The people of Kentucky deserve to know who they’re voting for and the American people deserve to know what this kind of unfettered free market capitalism and strict constitutionalism would look like.

Plus, it’ll make for an interesting debate and the country could use one right now.

Winds of Change

Wednesday, May 19th, 2010

Well, last night was a good night for people who think the system needs some shaking up.

Congressman and former Admiral Joe Sestak overcame a recent 25% deficit to defeat the party-changing Arlen Specter in the Pennsylvania. Specter’s a good guy and he’s had a good career, but changing parties was too clever by half and Pennsylvania Democrats decided that it was time for him to go.

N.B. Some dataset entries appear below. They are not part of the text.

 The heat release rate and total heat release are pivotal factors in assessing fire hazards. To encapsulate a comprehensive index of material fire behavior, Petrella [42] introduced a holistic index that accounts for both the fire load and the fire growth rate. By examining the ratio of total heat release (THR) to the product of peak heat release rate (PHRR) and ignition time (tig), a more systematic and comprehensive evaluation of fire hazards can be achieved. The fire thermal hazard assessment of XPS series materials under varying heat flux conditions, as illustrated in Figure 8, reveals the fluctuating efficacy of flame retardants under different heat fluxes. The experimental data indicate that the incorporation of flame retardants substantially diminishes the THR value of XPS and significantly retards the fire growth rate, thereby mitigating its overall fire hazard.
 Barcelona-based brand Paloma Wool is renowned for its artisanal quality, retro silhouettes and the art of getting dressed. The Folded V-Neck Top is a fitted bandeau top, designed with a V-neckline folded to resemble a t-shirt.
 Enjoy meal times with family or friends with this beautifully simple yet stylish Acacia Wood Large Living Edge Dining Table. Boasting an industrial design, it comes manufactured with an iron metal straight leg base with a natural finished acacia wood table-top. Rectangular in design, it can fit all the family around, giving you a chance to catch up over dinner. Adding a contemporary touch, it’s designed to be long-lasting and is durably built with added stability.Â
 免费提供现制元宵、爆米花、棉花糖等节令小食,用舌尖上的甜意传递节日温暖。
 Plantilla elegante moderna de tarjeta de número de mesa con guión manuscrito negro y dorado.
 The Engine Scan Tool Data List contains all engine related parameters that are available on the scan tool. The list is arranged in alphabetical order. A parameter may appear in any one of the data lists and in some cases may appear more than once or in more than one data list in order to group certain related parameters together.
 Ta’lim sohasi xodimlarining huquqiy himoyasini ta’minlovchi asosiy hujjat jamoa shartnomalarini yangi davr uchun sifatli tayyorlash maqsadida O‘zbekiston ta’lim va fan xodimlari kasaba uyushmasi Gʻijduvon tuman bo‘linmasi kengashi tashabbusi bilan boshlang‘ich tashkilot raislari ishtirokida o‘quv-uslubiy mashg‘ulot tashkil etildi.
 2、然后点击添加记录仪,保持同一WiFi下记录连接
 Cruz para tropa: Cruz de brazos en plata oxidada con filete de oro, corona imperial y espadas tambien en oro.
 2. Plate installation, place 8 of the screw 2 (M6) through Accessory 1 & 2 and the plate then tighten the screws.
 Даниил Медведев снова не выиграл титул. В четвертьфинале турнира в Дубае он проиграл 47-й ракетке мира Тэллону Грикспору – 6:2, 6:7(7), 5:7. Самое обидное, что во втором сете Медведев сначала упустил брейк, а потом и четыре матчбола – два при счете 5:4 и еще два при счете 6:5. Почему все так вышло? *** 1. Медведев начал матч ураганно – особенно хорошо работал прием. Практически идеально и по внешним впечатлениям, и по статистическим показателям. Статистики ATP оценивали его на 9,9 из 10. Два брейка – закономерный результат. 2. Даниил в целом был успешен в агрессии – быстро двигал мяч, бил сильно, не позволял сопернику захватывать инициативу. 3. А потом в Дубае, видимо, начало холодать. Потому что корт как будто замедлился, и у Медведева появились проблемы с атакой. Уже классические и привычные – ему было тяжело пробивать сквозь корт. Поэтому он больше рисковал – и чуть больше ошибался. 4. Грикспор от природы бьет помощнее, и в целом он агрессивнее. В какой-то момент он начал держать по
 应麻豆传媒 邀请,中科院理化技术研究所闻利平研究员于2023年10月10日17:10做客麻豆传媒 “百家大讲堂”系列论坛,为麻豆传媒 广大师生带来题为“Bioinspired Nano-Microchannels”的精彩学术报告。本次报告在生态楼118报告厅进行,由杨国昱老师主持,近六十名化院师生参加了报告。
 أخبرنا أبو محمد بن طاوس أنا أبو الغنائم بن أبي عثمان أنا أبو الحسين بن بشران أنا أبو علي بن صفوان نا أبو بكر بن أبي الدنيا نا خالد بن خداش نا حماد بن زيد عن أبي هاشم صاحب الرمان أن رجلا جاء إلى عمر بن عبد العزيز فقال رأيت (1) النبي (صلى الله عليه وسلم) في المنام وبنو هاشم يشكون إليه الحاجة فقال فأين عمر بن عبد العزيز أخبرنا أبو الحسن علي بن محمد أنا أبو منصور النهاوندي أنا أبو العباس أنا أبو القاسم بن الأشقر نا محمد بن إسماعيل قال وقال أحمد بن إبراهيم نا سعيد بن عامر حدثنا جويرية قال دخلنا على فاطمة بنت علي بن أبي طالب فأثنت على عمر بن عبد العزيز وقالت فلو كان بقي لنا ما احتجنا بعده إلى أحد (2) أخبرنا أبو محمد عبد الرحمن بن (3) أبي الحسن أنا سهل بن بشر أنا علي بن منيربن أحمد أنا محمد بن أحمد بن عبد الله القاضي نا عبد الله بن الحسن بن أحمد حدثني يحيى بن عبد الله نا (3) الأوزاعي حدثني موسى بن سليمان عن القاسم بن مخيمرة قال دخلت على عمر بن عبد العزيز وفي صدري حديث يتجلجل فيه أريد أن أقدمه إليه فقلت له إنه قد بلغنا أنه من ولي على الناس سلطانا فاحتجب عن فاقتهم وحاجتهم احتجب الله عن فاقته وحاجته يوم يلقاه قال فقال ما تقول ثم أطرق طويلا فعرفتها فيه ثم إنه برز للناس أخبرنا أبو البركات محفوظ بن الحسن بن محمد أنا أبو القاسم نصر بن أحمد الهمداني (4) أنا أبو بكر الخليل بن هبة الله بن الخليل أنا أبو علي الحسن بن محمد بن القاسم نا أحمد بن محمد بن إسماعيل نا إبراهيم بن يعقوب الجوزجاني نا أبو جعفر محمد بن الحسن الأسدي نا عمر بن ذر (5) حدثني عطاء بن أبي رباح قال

In Kentucky, Rand Paul back-handed Mitch McConnel’s vaunted Kentucky Machine, garnering the largest primary vote total of any Republican in Kentucky history for this office.

Paul comes straight from the Tea Party, but he’s from the libertarian wing of the movement, favoring small government, not focusing on social issues and skeptical of US military adventurism. How this split plays out on the right should be interesting.

On the Democratic side, Jack Conway got the nod, beating perennial loser Daniel Mongiardo. Conway was generally seen as the more progressive of the two candidates and the netroots thinks he could win this thing, but that sounds like a longshot. Still, Paul’s case isn’t helped by the fact that 43% of his opponent Trey Grayson’s supporters said that they would not vote for Paul in the general. 

In Arkansas, netroots favorite Lt. Governor Bill Halter performed significantly better than expected and not only forced conservative Dem Blanche Lincoln into a runoff, but came within a few percentage points of beating her. Many have said that this hurts the Democrats chance in the general election, but most people think that Lincoln is toast no matter what, so we might as well have someone who reflects Democratic values competing for the seat.

Perhaps the most interesting race was Pennsylvania’s 12th District, where longtime John Murtha aide Mark Critz won the special election for the seat that Murtha held for decades by 8 points against Republican Tim Burns. Critz is about as conservative as you can get for a Democrat (pro life, pro gun, anti-health care reform) but won an election in the only district in the country that voted for both John Kerry and John McCain. President Obama has a 35% approval rating in this district, but despite the fact that the Republican’s poured over $1 million into the race and tried to nationalize the election by tying Critz to Obama and Pelosi, they lost an election that, in the end, wasn’t even that close. 

Republican’s are trying to downplay this race, but you know that if they won, they would be trumpeting this as the first wave in a tsunami that will propel them to a majority in the Congress.

What does it all mean? Well, first of all, it means that people are fed up with politics as usual. The outsider candidates won in almost every primary contest. This was perhaps clearest in Pennsylvania, where Ed Rendel’s political machine and President Obama’s tepid support weren’t enough to propel Specter to victory. A few months ago, Sestak’s campaign looked like a fools errand and everyone thought that he should have stayed in the Congress or taken that Secretary of the Navy position that Obama’s White House offered him to stay out of the race.

Paul’s victory seemed just as improbable initially. He’s a doctor with no previous experience in politics and was opposed by Mitch McConnel’s supposedly formidable machine.

Finally, Pennsylvania 12 shows that this year may not be as easy to categorize as it seemed initially. The Democrats have now won 7 out of 7 House special elections and if they can find a way to hold seats in districts where Obama has a 35% approval rating, then they aren’t going to be in as bad a shape as everyone predicted. Congressional Democrats are at historic lows for approval, but the only group less popular is Congressional Republicans. PA 12 proves that you can’t beat somethin’ with nothin’ and it’s not going to be enough for Republicans to just tie Democrats to Nancy Pelosi and Obama.

What this ultimately means for our broken, polarized system is unclear.

But it sure is shaping up to be an interesting year.